Data at rest can leverage certain security mechanisms like file system permissions, database access controls, and encryption. These mechanisms are not applicable to data in process residing in memory.

Security Risks and Challenges

The different characteristics of data in process present unique security challenges:

  • No inherent access controls – Processing units can directly access in-memory data without any file system or database access controls.
  • Vulnerable to exploits – Software vulnerabilities may allow attackers to read or manipulate in-memory data.
  • Unencrypted – Data in process often resides in memory unencrypted even if stored encrypted on disk.
  • Memory scraping – Malware or malicious insiders may scrape sensitive data from memory.
  • Data remanence – Data in volatile memory can persist for seconds to minutes after power loss.

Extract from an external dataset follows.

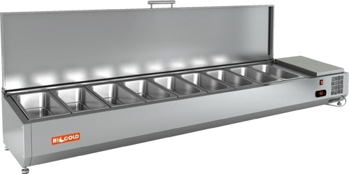 Настольная холодильная витрина HICOLD VRTU 2010 1/3 к PZE4 предназначена для охлаждения, кратковременного хранения и демонстрации ингредиентов, салатов и готовых блюд на предприятиях общественного питания и торговли. Устанавливается на холодильные столы для пиццы PZE4 (для монтажа предусмотрены специальные крепления в нижней части корпуса).

These risks necessitate additional security measures for data in process which we will discuss next.

Securing Data in Process

Protecting data in process brings unique challenges compared to securing data at rest. Some key measures include:

Access controls

Use memory access control mechanisms provided by CPUs and operating systems to prevent unauthorized access to process memory space.

Encryption

Leverage in-memory encryption technologies to encrypt data within RAM. This mitigates memory scraping risks.

Memory wiping

Overwrite freed memory locations to prevent data remanence in volatile memory.

Code integrity

Employ code signing to validate software integrity and prevent execution of malicious code.

Process isolation

Isolate compute processes into separate protected memory regions to limit access.

Trusted execution

Utilize trusted execution environments provided by CPUs to secure sensitive processing.

Intrusion detection

Monitor for signs of memory tampering and unexpected memory access patterns.

Data in Process vs. Data in Transit

Data in process should not be confused with data in transit. Data in transit refers to data being transmitted over networks. Some key differences:

Factor Data in Process Data in Transit
Location Temporary memory (RAM) Network cables/wireless
State Active – being processed Active – being transmitted
Security Access controls, encryption Encryption, tunneling
Lifetime Transient – temporary Temporary during transmission

As shown, both data in process and in transit are active/temporary states unlike data at rest. However, data in process resides locally in memory while data in transit is physically moving across networks.

Recommendations

Based on our analysis, here are some key recommendations for securing data in process:

  • Classify which data absolutely requires protection when in memory to guide security measures.
  • Assess risk levels – threat models, impact of exposure, types of processing performed.
  • Evaluate hardware-based security technologies like secure enclaves offered by AMD and Intel.
  • Implement least privilege – only expose data to processes and users that need access.
  • Train developers on secure coding practices to avoid vulnerabilities.
  • Continuously monitor controls and emerging threats to data in process.

Conclusion

Data in process presents unique security challenges compared to data at rest:

  • Resides unencrypted in volatile memory while active.
  • Bypasses access controls that apply to data on disk.
  • Directly accessible by processors once in memory.
  • Susceptible to exploits, memory scraping, data remanence.

Specific measures must be taken to protect data actively being processed beyond traditional data at rest protections. Going forward, securing data in process will become an increasingly critical aspect of defense as threats evolve.